When children are faced with coming to school after having endured this kind of trauma, or they don’t have enough food to eat or a consistent place to sleep, we can’t expect them to do well in school. They need extra support from consistent, caring adults to help them walk through the schoolroom door so they can thrive in the classroom.

We are incredibly proud of our youth who graduate. Evaluations on youth who complete the Friends of the Children program show that 83 percent graduate from high school, although 60 percent have parents who did not graduate.

Our program brings about life transformation and has a tremendous economic impact on the communities we serve. The Harvard Business School Association of Oregon return on investment study found that for every $1 invested in Friends of the Children, the community benefits more than $7 in saved social costs.

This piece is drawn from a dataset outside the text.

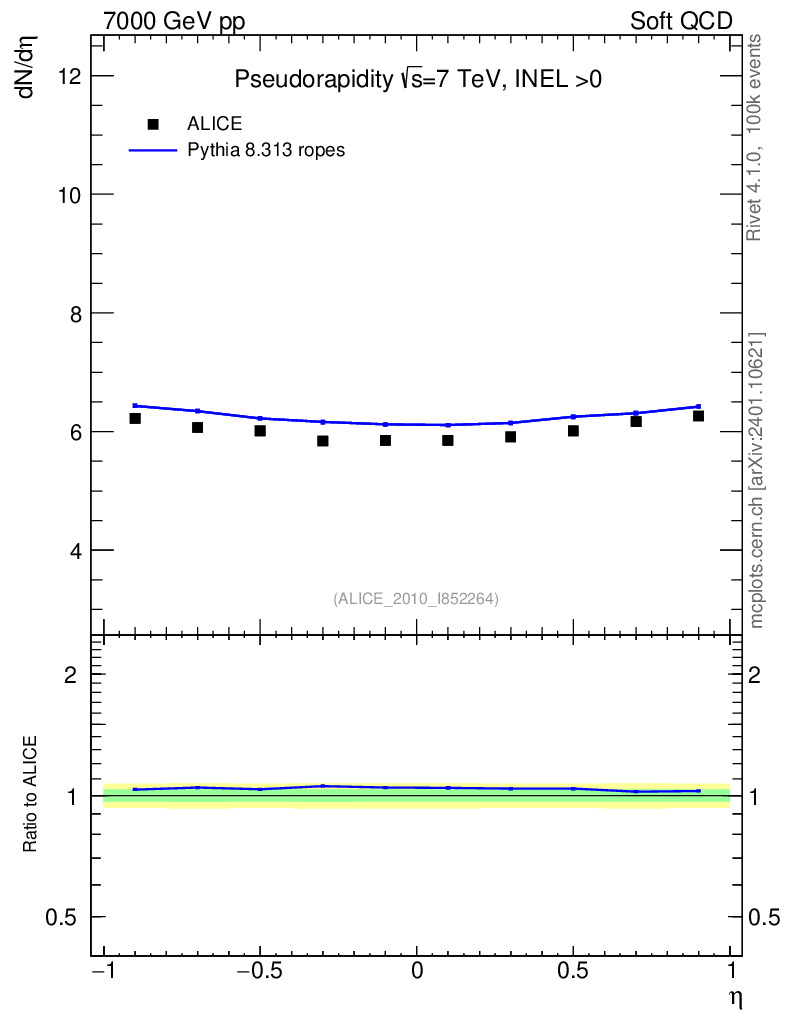 Lines: data, pythia8 8.313 ropes |
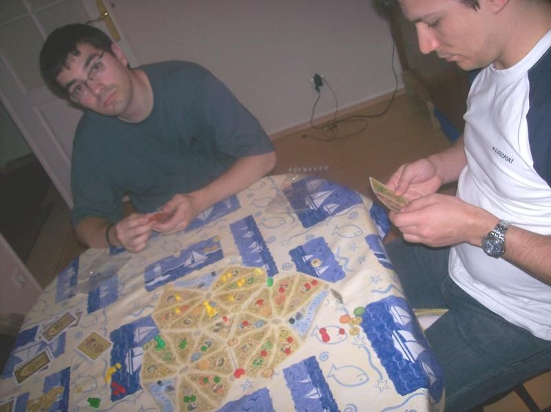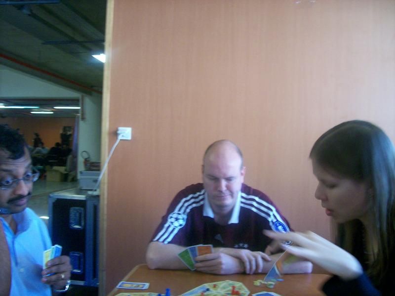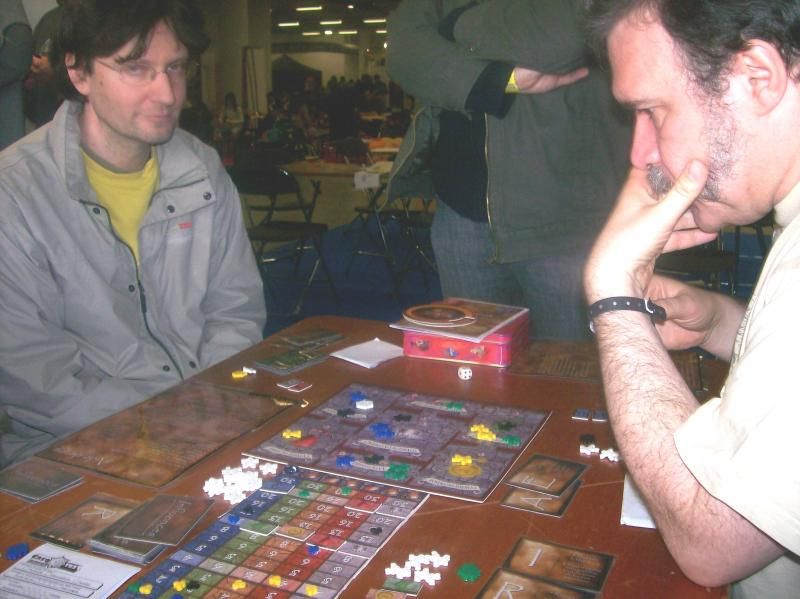 Mr petezahh à gauche et Mr Helderou à droite qui jouent avec moi le premier soir de la Gencon (on ne dormira que deux heures...)

Helping one child saves the community $900,000.

Graduating high school can allow youth to move beyond their circumstances and build a life that they can be proud of. But is also an opportunity to strengthen communities and open pathways to upward social mobility.

We don’t define what success looks like for our youth. Rather, we empower our youth to define what that looks like in their community and give them the academic and social-emotional skills needed to achieve that. Whether they go on to college, learn a trade or enroll in military service, we are able to show them that obtaining a high-school diploma or a GED gives them more choices and the freedom to build a life they can be proud of—on their terms.

Our hope is that by sticking with our youth for 12+ years that they will have more opportunities for upward social mobility and will be able to break the generational cycle of poverty that is so difficult to achieve.